The shortest distance from \( P_0 \) to the plane is along the line perpendicular to the plane, which is parallel to the normal \( \mathbf{n} \). The magnitude of this distance is given by:\[ \text{Distance} = \left\| \mathbf{p} - \mathbf{p}_0 \right\| = \left\| \mathbf{p}_0 + \frac{d - \mathbf{p}_0 \cdot \mathbf{n}}{\| \mathbf{n} \|^2} \mathbf{n} - \mathbf{p}_0 \right\| = \left\| \frac{d - \mathbf{p}_0 \cdot \mathbf{n}}{\| \mathbf{n} \|^2} \mathbf{n} \right\| = \frac{|d - \mathbf{p}_0 \cdot \mathbf{n}|}{\| \mathbf{n} \|^2} \cdot \| \mathbf{n} \| = \frac{|d - \mathbf{p}_0 \cdot \mathbf{n}|}{\| \mathbf{n} \|} \]

Find the reflection of the point across the plane (part c)

The reflection of \( P_0 \) across the plane, \( P_0' \), is achieved by moving twice the distance along the normal beyond \( P \). This is because the reflection must be symmetric about the plane:\[ \mathbf{p}_0' = \mathbf{p}_0 + 2\left(\frac{d - \mathbf{p}_0 \cdot \mathbf{n}}{\| \mathbf{n} \|^2} \mathbf{n}\right) \]

Key concepts

Vector Equation of Plane

Understanding the vector equation of a plane is crucial in geometry and calculus. A plane in a three-dimensional space can be defined by a point and a normal vector. The vector equation of the plane can be expressed as: \[ a x + b y + c z = d \] where:

• \( a,\ b,\ c \) are coefficients that dictate the orientation of the plane.
• \( x,\ y,\ z \) are coordinates of any point on the plane.
• \( d \) is a constant that sets the plane's position relative to the origin.

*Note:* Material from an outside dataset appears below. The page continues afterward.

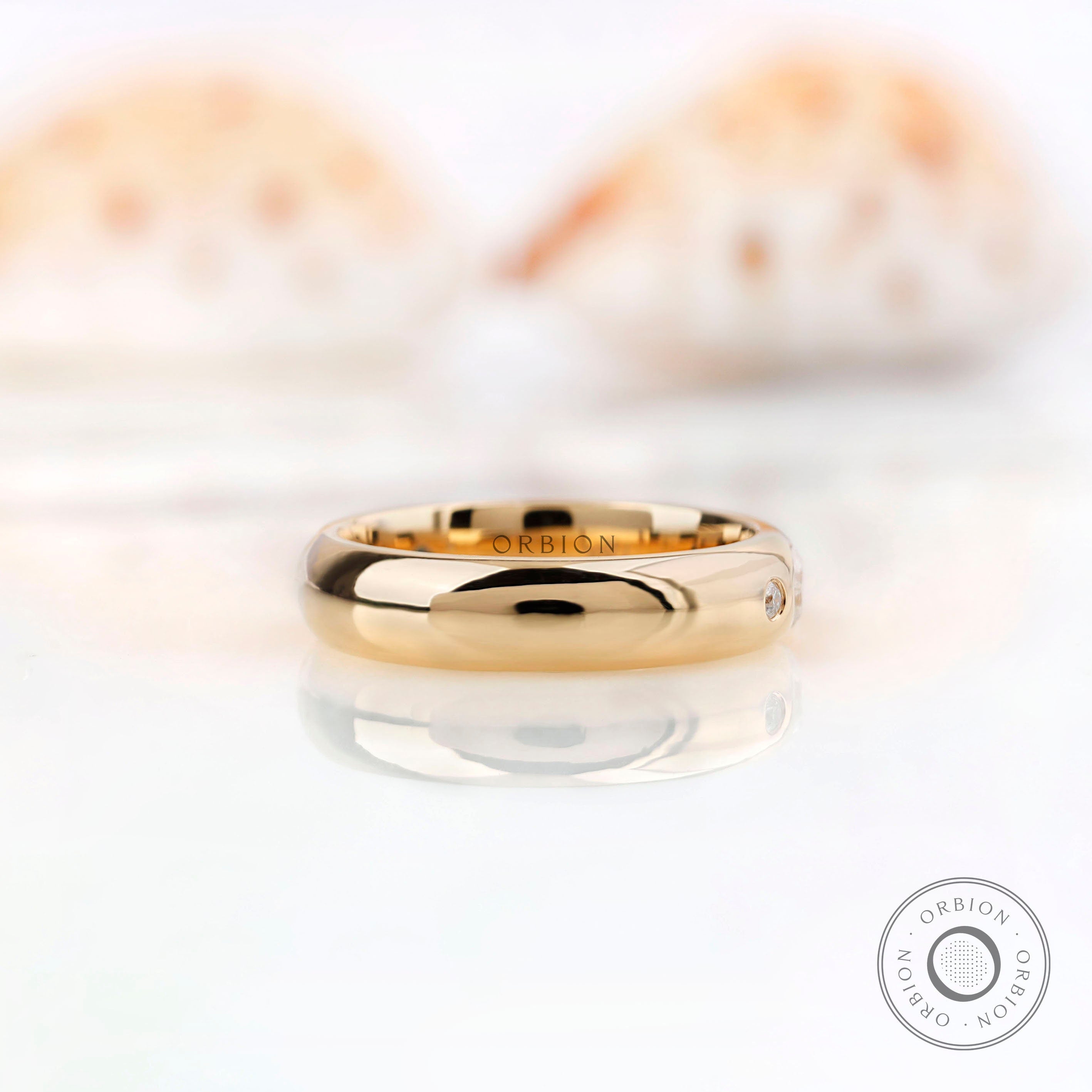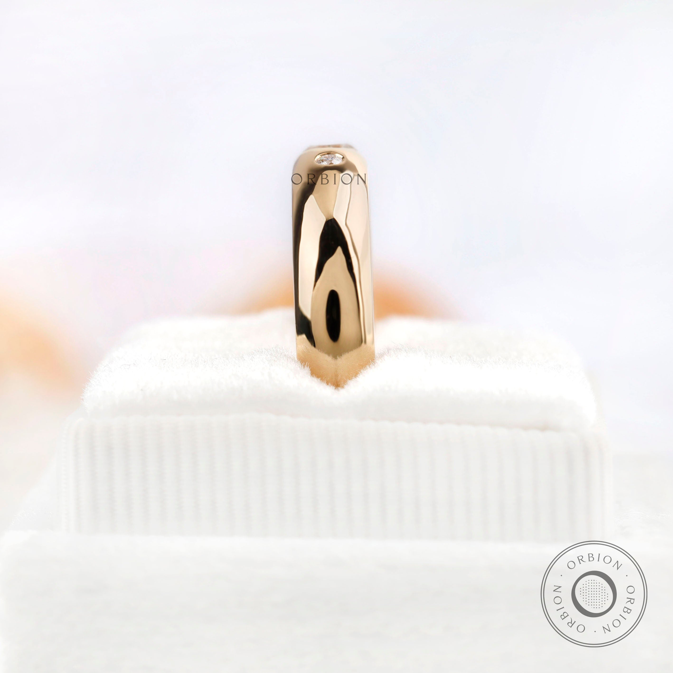 14k Solid Gold Flush Set Asscher Cut Moissanite Wedding Band, Unique Multi Stone Thick Wedding Band, Delicate Unisex Band Ring, Custom Band, Mens Wedding Band, Gold Wedding Band, Β 14k Yellow Gold Band, Anniversary Gift, Wide Moissanite Band, Solid Gold Domed Band

The normal vector \( \mathbf{n} = \begin{bmatrix} a \ b \ c \end{bmatrix} \) is perpendicular to the plane, and plays a key role in defining the plane's characteristics. This vector allows us to describe not just where the plane is, but how it is oriented in space. With this vector, we can solve numerous problems regarding distances from points to planes, reflections over planes, and more. The vector gives the plane its distinct spatial "tilt".

Normal Vector

The normal vector is central to understanding planes. It provides a straightforward way to determine distances and angles with respect to the plane. A normal vector \( \mathbf{n} \) is a nonzero vector that is perpendicular to a given plane, and for every plane described by \( a x + b y + c z = d \), the normal vector is \( \mathbf{n} = \begin{bmatrix} a \ b \ c \end{bmatrix} \).
This vector enhances calculations, such as finding distances or reflecting points, because:

• The formula for the shortest distance from a point \( P_0 \) to the plane uses the normal to easily find a perpendicular direction: \( \text{Distance} = \frac{|d - (\mathbf{p}_0 \cdot \mathbf{n})|}{\| \mathbf{n} \|} \).
• To locate specific points, like reflections, we use the normal vector in our calculations: the vector indicating the closest point on the plane from a point \( P_0 \) is adjusted by the normal, thus reflecting: \( \mathbf{p} = \mathbf{p}_0 + t \mathbf{n} \).

The magnitude, \( \| \mathbf{n} \| \), often appears in formulas, revealing just how integral the normal vector is to understanding planes.

Reflection Across Plane

Reflecting a point across a plane implies finding the mirrored point on the opposite side. With a point \( P_0 \) and its reflection \( P_0' \), the line connecting these two points is perpendicular to the plane.
The reflection formula makes use of the normal vector to ensure symmetry across the plane. Reflection can be calculated as:

• First, calculate the vector that points to the closest point on the plane: \( \mathbf{p} = \mathbf{p}_0 + \frac{d - (\mathbf{p}_0 \cdot \mathbf{n})}{\| \mathbf{n} \|^2} \mathbf{n} \).
• To find the reflection \( P_0' \), you effectively "step" past the closest point on the plane by using double this vector distance: \( \mathbf{p}_0' = \mathbf{p}_0 + 2 \left( \frac{d - (\mathbf{p}_0 \cdot \mathbf{n})}{\| \mathbf{n} \|^2} \mathbf{n} \right) \).

By utilizing the perpendicular nature of the normal vector, the symmetry consistent in reflections is maintained and accurately calculated. This aspect of linear algebra is not only fascinating but reveals the depth behind geometric transformations.